Data items:
--- START ---

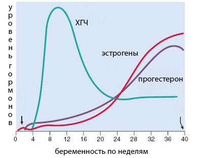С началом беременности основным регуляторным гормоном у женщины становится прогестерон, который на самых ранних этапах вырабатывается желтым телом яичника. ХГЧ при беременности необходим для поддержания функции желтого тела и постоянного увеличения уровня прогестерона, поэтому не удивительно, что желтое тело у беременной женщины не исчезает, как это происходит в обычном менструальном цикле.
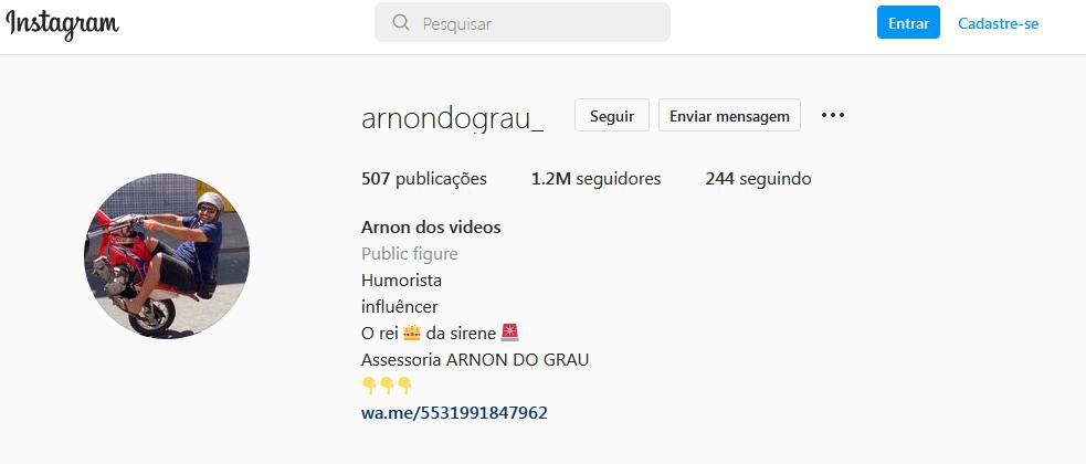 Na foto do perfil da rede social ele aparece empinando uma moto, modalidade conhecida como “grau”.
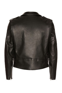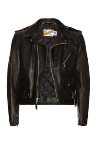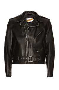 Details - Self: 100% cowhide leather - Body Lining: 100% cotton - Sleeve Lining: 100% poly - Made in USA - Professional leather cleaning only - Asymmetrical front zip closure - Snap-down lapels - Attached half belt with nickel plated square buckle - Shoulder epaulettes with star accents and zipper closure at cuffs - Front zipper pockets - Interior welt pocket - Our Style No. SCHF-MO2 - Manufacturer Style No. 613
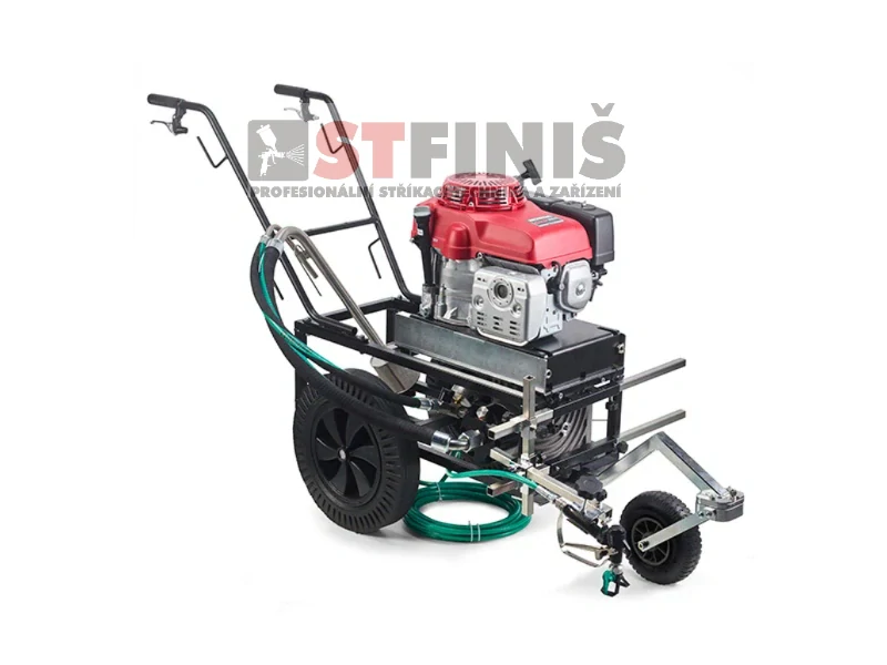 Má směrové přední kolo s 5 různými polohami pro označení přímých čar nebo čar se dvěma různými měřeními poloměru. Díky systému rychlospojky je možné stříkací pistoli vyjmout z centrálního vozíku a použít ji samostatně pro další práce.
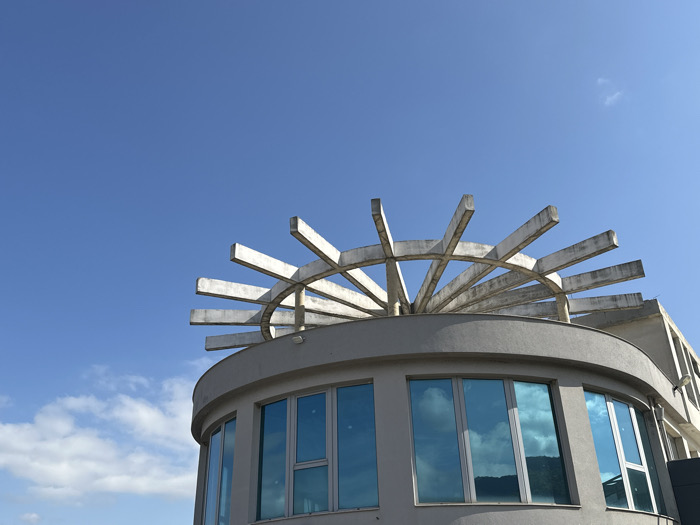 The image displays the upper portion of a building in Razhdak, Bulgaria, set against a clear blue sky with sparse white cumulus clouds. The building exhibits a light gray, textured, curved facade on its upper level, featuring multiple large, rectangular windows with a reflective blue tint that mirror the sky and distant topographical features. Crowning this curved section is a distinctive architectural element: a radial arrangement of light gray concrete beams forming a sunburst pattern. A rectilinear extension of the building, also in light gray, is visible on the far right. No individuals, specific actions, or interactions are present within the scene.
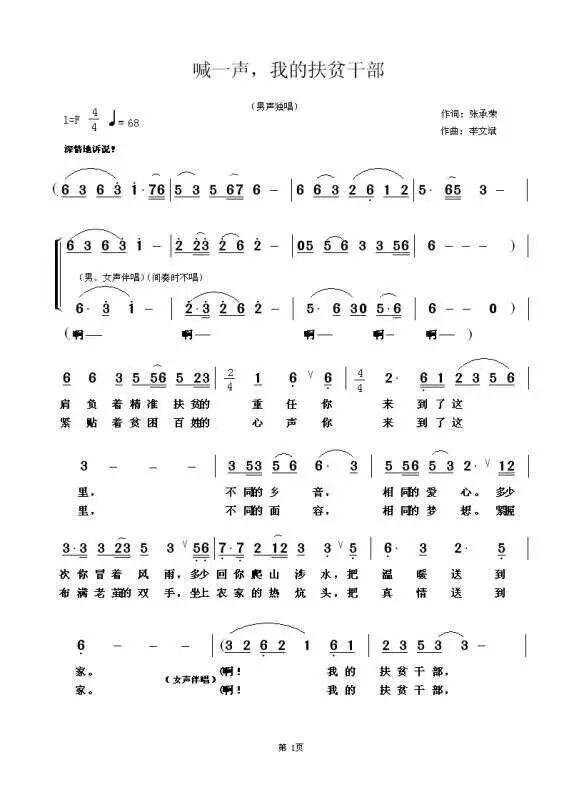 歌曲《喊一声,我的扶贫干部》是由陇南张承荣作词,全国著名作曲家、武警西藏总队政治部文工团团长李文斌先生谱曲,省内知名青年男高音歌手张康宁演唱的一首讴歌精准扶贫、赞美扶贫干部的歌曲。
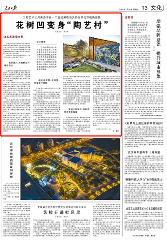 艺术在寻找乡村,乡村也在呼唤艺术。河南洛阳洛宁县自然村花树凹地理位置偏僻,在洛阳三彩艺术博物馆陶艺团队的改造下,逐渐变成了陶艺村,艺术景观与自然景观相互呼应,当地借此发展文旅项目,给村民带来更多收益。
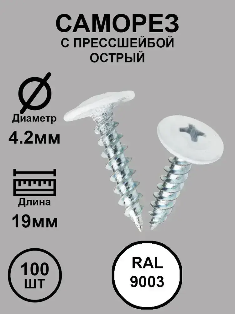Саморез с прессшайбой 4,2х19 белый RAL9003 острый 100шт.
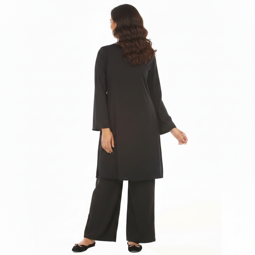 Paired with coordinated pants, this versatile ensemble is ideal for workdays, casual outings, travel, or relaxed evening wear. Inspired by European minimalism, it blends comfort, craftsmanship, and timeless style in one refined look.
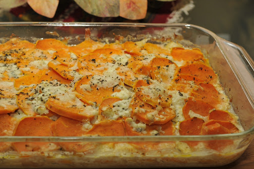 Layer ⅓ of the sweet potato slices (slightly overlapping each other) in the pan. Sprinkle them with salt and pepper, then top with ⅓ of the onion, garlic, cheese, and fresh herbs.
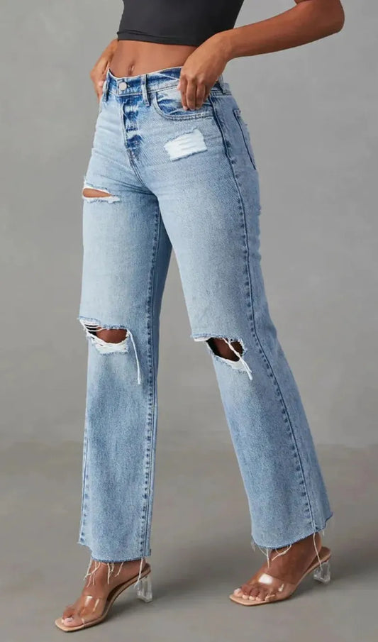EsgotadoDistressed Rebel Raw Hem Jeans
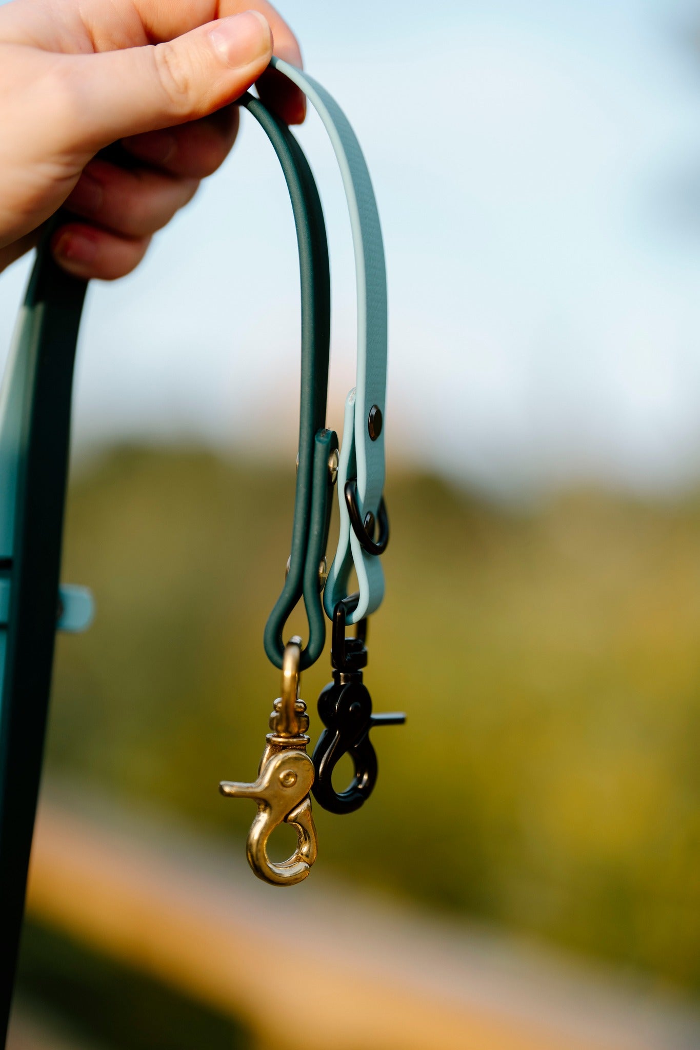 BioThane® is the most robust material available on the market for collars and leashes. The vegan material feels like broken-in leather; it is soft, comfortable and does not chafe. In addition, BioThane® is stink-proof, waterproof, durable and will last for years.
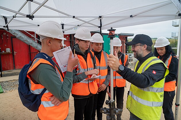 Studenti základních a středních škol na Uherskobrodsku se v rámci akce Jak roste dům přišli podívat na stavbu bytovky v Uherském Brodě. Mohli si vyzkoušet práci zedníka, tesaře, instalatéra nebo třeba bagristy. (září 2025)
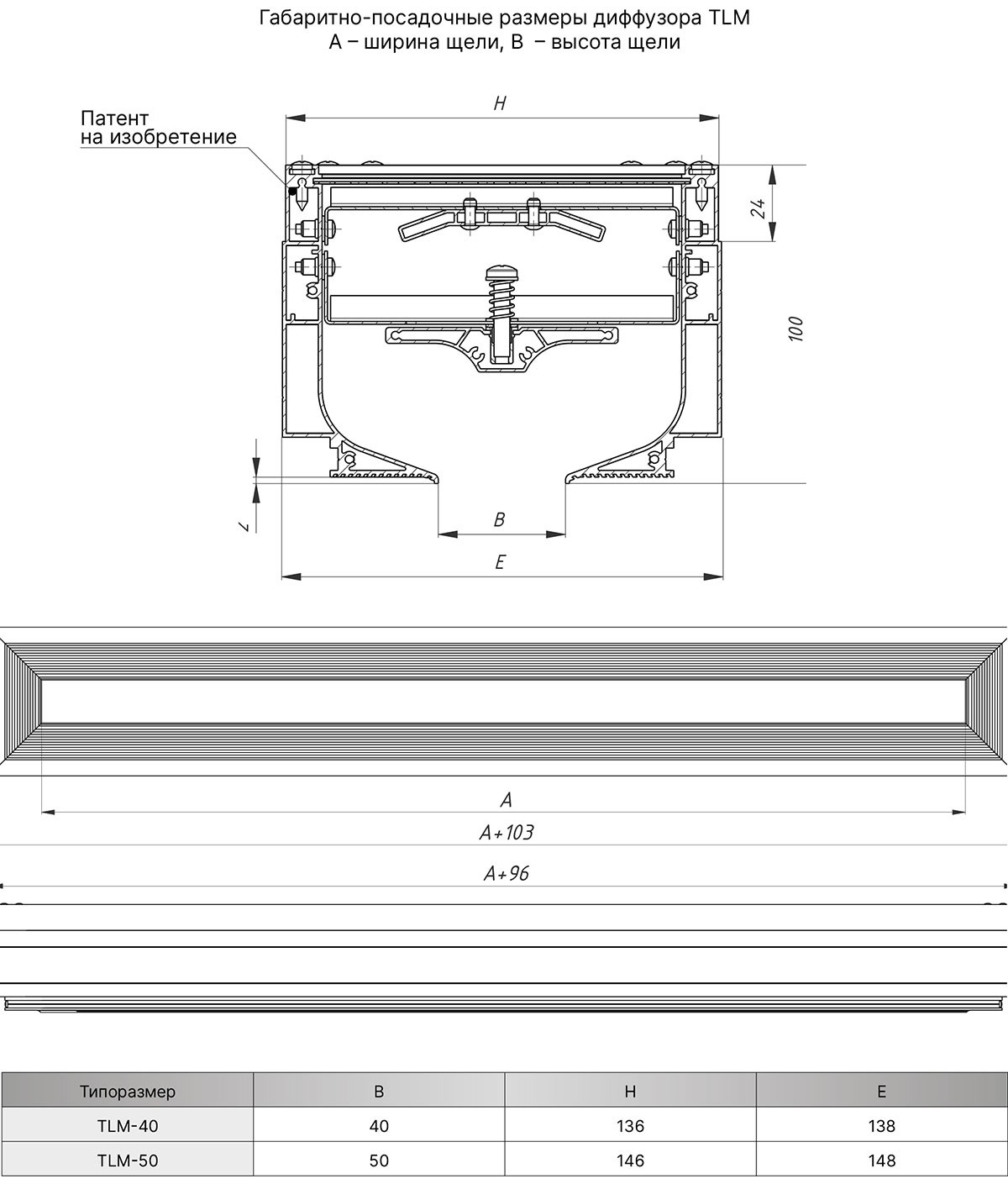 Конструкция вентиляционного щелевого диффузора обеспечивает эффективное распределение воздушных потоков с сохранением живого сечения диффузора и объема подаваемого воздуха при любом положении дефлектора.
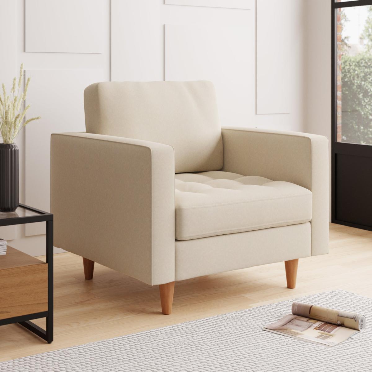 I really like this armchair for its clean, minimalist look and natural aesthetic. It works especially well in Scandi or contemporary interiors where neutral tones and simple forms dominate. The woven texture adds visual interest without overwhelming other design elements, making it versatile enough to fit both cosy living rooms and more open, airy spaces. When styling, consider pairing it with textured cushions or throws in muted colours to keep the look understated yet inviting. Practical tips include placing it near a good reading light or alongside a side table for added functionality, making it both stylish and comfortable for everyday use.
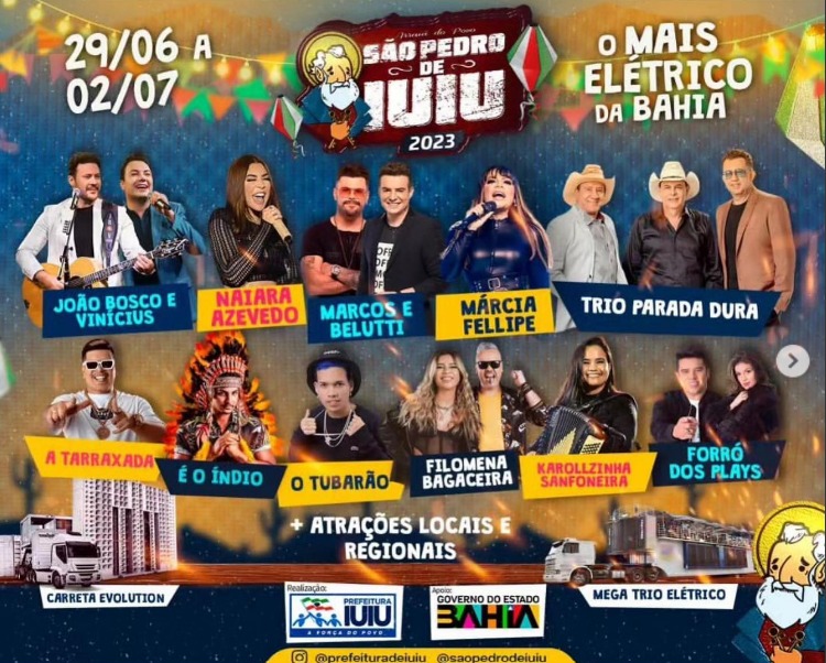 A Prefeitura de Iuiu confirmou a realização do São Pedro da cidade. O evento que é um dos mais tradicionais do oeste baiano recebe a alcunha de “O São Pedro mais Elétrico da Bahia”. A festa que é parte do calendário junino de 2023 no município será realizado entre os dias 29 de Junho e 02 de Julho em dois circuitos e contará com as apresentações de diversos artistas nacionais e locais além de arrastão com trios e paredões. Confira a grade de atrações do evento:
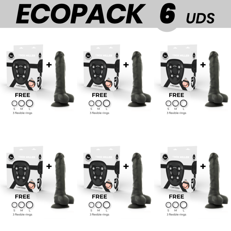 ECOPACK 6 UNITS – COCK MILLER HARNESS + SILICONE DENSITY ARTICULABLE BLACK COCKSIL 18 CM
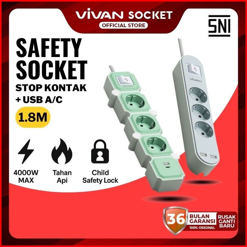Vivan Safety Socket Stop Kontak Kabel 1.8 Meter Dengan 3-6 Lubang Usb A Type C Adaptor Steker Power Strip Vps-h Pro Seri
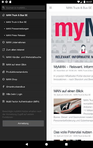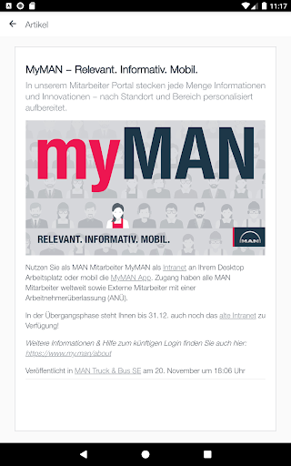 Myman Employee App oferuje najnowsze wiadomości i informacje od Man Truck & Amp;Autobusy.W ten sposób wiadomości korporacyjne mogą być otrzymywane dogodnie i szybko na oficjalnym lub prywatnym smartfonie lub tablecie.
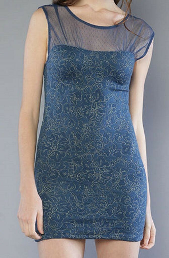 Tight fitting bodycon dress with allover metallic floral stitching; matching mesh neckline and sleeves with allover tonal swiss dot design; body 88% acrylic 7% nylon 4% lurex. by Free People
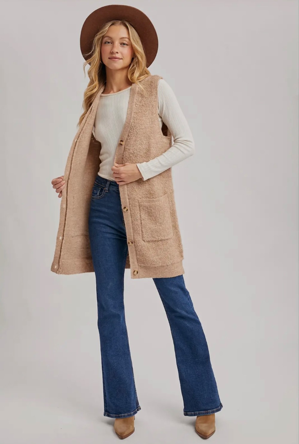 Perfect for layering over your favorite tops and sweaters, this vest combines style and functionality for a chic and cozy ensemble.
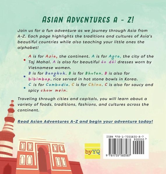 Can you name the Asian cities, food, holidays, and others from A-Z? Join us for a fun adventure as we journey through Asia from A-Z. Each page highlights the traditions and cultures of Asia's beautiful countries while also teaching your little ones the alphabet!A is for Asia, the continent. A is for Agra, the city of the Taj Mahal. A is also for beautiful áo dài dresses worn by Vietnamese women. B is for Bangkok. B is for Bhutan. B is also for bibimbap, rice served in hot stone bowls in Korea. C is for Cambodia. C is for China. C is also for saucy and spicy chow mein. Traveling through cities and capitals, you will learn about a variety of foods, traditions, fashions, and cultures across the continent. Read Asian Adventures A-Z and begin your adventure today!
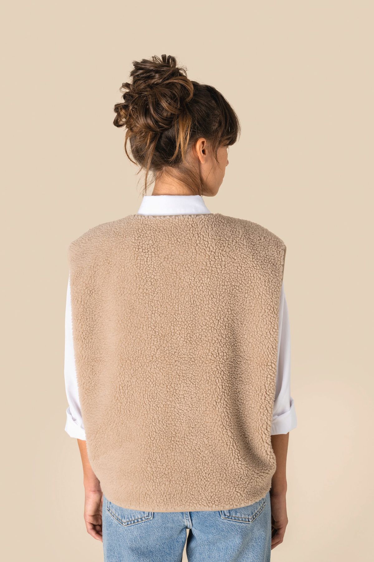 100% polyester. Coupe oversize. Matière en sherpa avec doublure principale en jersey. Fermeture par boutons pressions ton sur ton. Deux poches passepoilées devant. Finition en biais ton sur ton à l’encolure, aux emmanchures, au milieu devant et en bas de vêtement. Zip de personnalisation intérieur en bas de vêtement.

--- END ---

## WHAT THIS TASK INVOLVES
Copy the records above exactly, from the first line through the line containing "Má směrové přední", and leave out the pictures.

## PROBLEM SOLUTION
С началом беременности основным регуляторным гормоном у женщины становится прогестерон, который на самых ранних этапах вырабатывается желтым телом яичника. ХГЧ при беременности необходим для поддержания функции желтого тела и постоянного увеличения уровня прогестерона, поэтому не удивительно, что желтое тело у беременной женщины не исчезает, как это происходит в обычном менструальном цикле.
 Na foto do perfil da rede social ele aparece empinando uma moto, modalidade conhecida como “grau”.
 Details - Self: 100% cowhide leather - Body Lining: 100% cotton - Sleeve Lining: 100% poly - Made in USA - Professional leather cleaning only - Asymmetrical front zip closure - Snap-down lapels - Attached half belt with nickel plated square buckle - Shoulder epaulettes with star accents and zipper closure at cuffs - Front zipper pockets - Interior welt pocket - Our Style No. SCHF-MO2 - Manufacturer Style No. 613
 Má směrové přední kolo s 5 různými polohami pro označení přímých čar nebo čar se dvěma různými měřeními poloměru. Díky systému rychlospojky je možné stříkací pistoli vyjmout z centrálního vozíku a použít ji samostatně pro další práce.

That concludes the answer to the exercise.